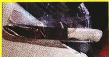
Los indicios que portaba el agresor fueron llevados al Ministerio Público.
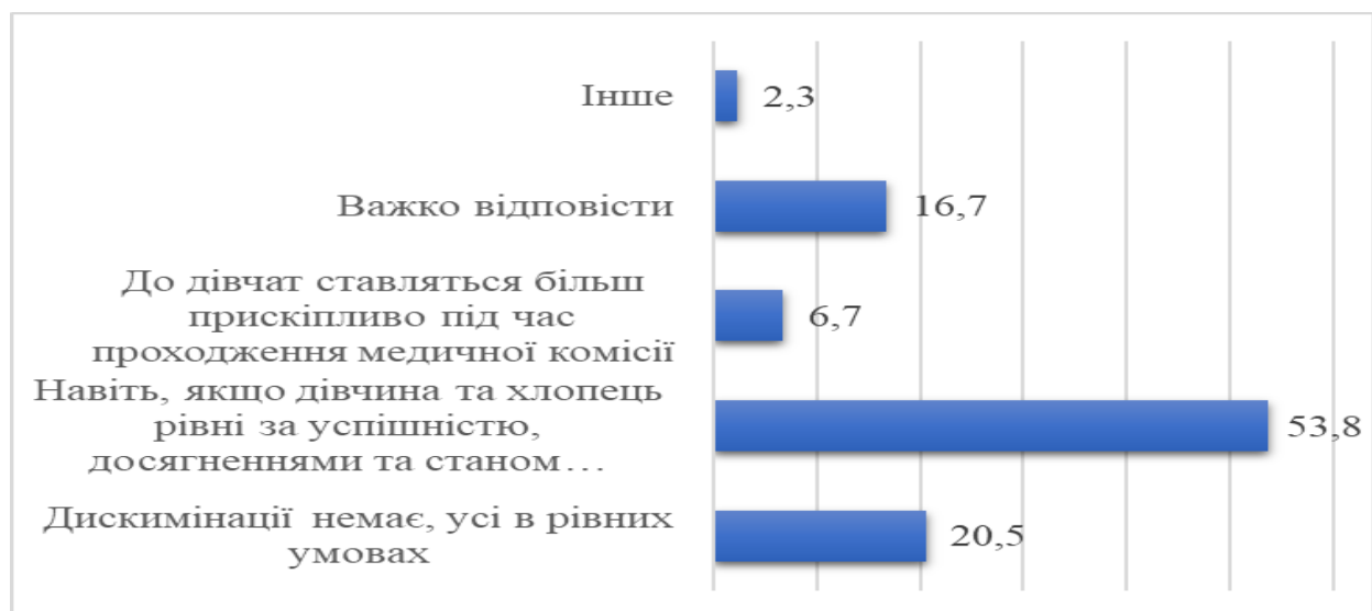
Рис. 2. Розподіл відповідей на запитання «Як Ви вважаєте, чи існує зараз дискримінація жінок (дівчат) під час вступу до вищих закладів вищої освіти, які готують працівників поліції?», %.

Також респонденти переконані, що під час вступу до ЗВО зі специфічними умовами навчання присутня деяка дискримінація жінок (дівчат): навіть якщо дівчина і хлопець рівні за успішністю, досягненнями та станом здоров'я, все одно перевагу віддадуть хлопцеві – так вважають 53,8 % опитаних, на думку 6,7 % здобувачів до дівчат ставляться більш прискіпливо під час проходження медичної комісії. Також 20,5 % опитані переконані, що дискримінації немає, усі в рівних умовах (див. Рис. 2).
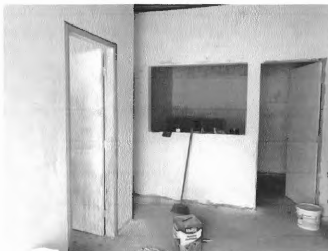
Confecção do novo contrapiso de concreto
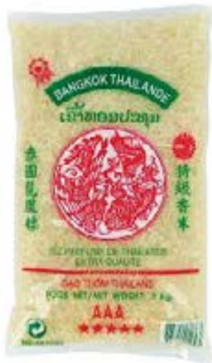
Riz parfumé Dragon Phenix 1 KG
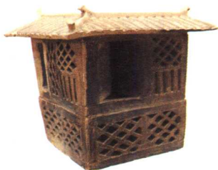
东汉干阑式建筑陶屋
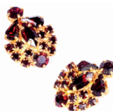
Český granát – minerál sytě červené barvy se zpracovává v Turnově.
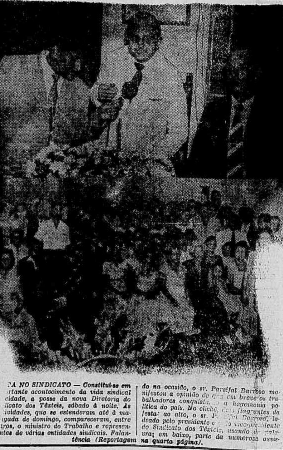
TA NO SINDICATO — Constituiu-se em instante acontecimento da vida sindical, a posse da nova Diretoria do Sindicato dos Têxteis, sábado à noite. As atividades, que se estenderam até a madrugada de domingo, compareceram, entre outros, o ministro do Trabalho e representantes de várias entidades sindicais. Falanstência (Reportagem na quarta página).

São Paulo, 24 (Agência Nacional) — O Instituto do Açúcar e do Alcool acaba de reconhecer o Estado de S. Paulo como o maior produtor de açúcar do Brasil, elevando para 14 milhões e 800 mil sacas a quota atribuída ao Estado. Até agora, Pernambuco era apontado como o maior produtor, com uma quota de 12 milhões e 400 mil sacas. Quanto ao álcool, a produção de São Paulo também deverá aumentar proporcionalmente, segundo prognóstico do IAA, as usinas que se acham em atividade no interior do Estado deverão produzir 230 milhões de litros, aproximadamente.
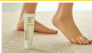
[발각질제거] 미웠던 발관리, 끈적임 없는 바레도 크림으로 시작하세요 뷰티 | 스키노메이선

_Exercise requirements_.
Exact copies of the entries above are needed, with every picture removed.

_Result for this exercise_.
Los indicios que portaba el agresor fueron llevados al Ministerio Público.
Рис. 2. Розподіл відповідей на запитання «Як Ви вважаєте, чи існує зараз дискримінація жінок (дівчат) під час вступу до вищих закладів вищої освіти, які готують працівників поліції?», %.

Також респонденти переконані, що під час вступу до ЗВО зі специфічними умовами навчання присутня деяка дискримінація жінок (дівчат): навіть якщо дівчина і хлопець рівні за успішністю, досягненнями та станом здоров'я, все одно перевагу віддадуть хлопцеві – так вважають 53,8 % опитаних, на думку 6,7 % здобувачів до дівчат ставляться більш прискіпливо під час проходження медичної комісії. Також 20,5 % опитані переконані, що дискримінації немає, усі в рівних умовах (див. Рис. 2).
Confecção do novo contrapiso de concreto
Riz parfumé Dragon Phenix 1 KG
东汉干阑式建筑陶屋
Český granát – minerál sytě červené barvy se zpracovává v Turnově.
TA NO SINDICATO — Constituiu-se em instante acontecimento da vida sindical, a posse da nova Diretoria do Sindicato dos Têxteis, sábado à noite. As atividades, que se estenderam até a madrugada de domingo, compareceram, entre outros, o ministro do Trabalho e representantes de várias entidades sindicais. Falanstência (Reportagem na quarta página).

São Paulo, 24 (Agência Nacional) — O Instituto do Açúcar e do Alcool acaba de reconhecer o Estado de S. Paulo como o maior produtor de açúcar do Brasil, elevando para 14 milhões e 800 mil sacas a quota atribuída ao Estado. Até agora, Pernambuco era apontado como o maior produtor, com uma quota de 12 milhões e 400 mil sacas. Quanto ao álcool, a produção de São Paulo também deverá aumentar proporcionalmente, segundo prognóstico do IAA, as usinas que se acham em atividade no interior do Estado deverão produzir 230 milhões de litros, aproximadamente.
[발각질제거] 미웠던 발관리, 끈적임 없는 바레도 크림으로 시작하세요 뷰티 | 스키노메이선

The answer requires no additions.